The results? Starch isn’t dead last. But it’s not great. First place belongs to scFOS. Major stimulation across the board. A clear winner. Surprisingly, the most commonly touted beneficial prebiotic — inulin — does worst!
(Side note: this study uses amylopectin potato starch as it’s starch substrate instead of amylose. As you might know, it’s the amylose, not amylopectin, that survives the GI tract and feeds gut bugs in humans, while amylopectin is absorbed and digested. The reason I don’t think this matters is that both amylopectin and amylose are equally fermentable, it’s just that in humans, amylopectin doesn’t ever get a chance because it’s digested in the small intestine. Since this study is in vitro, it doesn’t matter.)
And then THIS study put scFOS to the test in mice. Conclusion? “scFOS induce profound metabolic changes by modulating the composition and the activity of the intestinal microbiota.” The study goes on to specifically state that, while scFOS did stimulate bifido’s, they “are not predominant in the faecal ecosystem and do not seem to be strongly correlated with metabolite changes.” Clostridia species (i.e., Firmicutes) were the ones associated with the metabolic improvements.
Lastly, assuming you are still with me, a study out of Aberdeen found that subjects on low carb (i.e., low fermentable fiber) diets see their butyrate production plummet. Why? Because it killed their Firmicute count. (Interestingly, this study also negated the previous research that linked high Firmicutes/low Bacteroidetes to obesity.)
Ok, so now let’s go back to TaterTot’s results:
Hey, who’s that guy over on the far right? Why it’s Mr. Eat Mostly Plants himself, Michael Pollan! You know, the kind of plants that might have a sh*t ton of scFOS? And guess what? As opposed to TaterTot, Mr. Pollan has above average Firmicutes! Highest Firmicute to Bacterioidetes ratio, looks like. Verrrrry interesting. If you were a kid with a genetic predisposition to Type 1 diabetes, or just want to keep that butyrate flowing for a healthy gut, you might want Pollan’s gut, not Tater’s.

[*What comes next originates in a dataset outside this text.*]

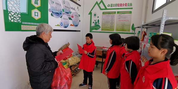 富口鎮鄉村“復興少年宮”同學在富口村環保小站擔任環保小衛士向老人宣傳垃圾分類知識。沙縣區委文明辦供圖

Now, lest I fall into the triumphal trap myself, it should be said that these are all just isolated studies. The prebiotic one is in vitro, at that. And speculating that Michael Pollan’s butyrate-producing clostridia are high, and TaterTot’s are low, just by looking at firmicutes, is…speculative. I wish the analysis could go deeper than phyla. Oh well. And this study puts a little damper on scFOS’s ability to cure what ails us (then again, just 20g/day for only 4 weeks seems hardly adequate, as the study authors admit themselves).
So this is all only to say that we’ve got a lot to figure out here. I’m certainly not ready to make any final recommendations (though adding more resistant starch, scFOS, and other fermentable fibers is certainly not a bad bet to place). And we should all keep experimenting. There’s no doubt people are experiencing benefits from adding fermentable fibers to their diets. But taking the time to figure out WHOM to feed WHAT, in the right combination and dosages, could make an order of magnitude difference. And if you think we can rely on big pharma to do the heavy-lifting research on a bunch of cheap to produce, colon-massaging veggie fibers, you’re in for some disappointment. This is a major project for the distributed, citizen-science web, and we’ve only just begun.